Items from a dataset
# # # #
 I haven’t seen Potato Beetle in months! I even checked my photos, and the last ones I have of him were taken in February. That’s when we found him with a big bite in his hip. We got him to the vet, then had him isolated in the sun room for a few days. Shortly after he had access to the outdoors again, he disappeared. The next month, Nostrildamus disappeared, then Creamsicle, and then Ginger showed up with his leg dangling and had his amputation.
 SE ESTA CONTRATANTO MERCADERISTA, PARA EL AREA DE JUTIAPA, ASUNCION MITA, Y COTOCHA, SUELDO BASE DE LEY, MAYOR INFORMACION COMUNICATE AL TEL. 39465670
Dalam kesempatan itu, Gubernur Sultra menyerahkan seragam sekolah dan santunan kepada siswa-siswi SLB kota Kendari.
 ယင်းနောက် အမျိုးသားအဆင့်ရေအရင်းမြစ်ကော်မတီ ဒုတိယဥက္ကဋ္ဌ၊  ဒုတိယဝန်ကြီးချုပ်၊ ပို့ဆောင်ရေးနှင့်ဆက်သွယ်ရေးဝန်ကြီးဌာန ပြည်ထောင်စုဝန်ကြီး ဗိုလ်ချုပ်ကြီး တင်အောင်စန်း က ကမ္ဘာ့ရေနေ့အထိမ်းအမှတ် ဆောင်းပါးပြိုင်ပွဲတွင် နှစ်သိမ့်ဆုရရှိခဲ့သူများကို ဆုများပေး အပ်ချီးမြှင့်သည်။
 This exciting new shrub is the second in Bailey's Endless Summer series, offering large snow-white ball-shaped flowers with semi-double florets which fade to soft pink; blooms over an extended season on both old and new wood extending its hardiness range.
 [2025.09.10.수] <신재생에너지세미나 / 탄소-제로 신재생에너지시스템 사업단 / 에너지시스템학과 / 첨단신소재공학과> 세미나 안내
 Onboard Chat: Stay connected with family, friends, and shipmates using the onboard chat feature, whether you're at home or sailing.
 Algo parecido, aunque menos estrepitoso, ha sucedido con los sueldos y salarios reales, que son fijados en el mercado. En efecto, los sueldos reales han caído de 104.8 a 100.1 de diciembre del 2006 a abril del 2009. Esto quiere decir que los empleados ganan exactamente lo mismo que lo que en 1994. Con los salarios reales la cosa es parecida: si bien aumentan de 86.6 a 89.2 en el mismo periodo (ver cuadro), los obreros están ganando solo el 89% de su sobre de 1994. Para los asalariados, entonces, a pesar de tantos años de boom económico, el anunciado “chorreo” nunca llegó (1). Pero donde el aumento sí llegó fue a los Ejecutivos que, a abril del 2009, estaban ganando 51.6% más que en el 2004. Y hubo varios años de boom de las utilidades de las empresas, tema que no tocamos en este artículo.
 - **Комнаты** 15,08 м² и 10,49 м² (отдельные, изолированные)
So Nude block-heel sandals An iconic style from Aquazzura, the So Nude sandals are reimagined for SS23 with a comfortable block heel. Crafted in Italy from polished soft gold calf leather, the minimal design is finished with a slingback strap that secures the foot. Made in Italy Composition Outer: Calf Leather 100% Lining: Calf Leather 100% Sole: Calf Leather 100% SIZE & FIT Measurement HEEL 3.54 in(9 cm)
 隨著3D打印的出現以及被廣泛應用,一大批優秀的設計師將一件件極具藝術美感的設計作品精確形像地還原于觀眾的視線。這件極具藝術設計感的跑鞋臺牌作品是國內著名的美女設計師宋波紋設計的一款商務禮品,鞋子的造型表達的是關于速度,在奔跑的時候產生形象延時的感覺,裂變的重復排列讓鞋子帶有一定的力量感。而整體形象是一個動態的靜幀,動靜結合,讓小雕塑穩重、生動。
# # # #
Your task:
Single out each line of the records above with the string "soft" in it, and copy it.

Response below:
 This exciting new shrub is the second in Bailey's Endless Summer series, offering large snow-white ball-shaped flowers with semi-double florets which fade to soft pink; blooms over an extended season on both old and new wood extending its hardiness range.
So Nude block-heel sandals An iconic style from Aquazzura, the So Nude sandals are reimagined for SS23 with a comfortable block heel. Crafted in Italy from polished soft gold calf leather, the minimal design is finished with a slingback strap that secures the foot. Made in Italy Composition Outer: Calf Leather 100% Lining: Calf Leather 100% Sole: Calf Leather 100% SIZE & FIT Measurement HEEL 3.54 in(9 cm)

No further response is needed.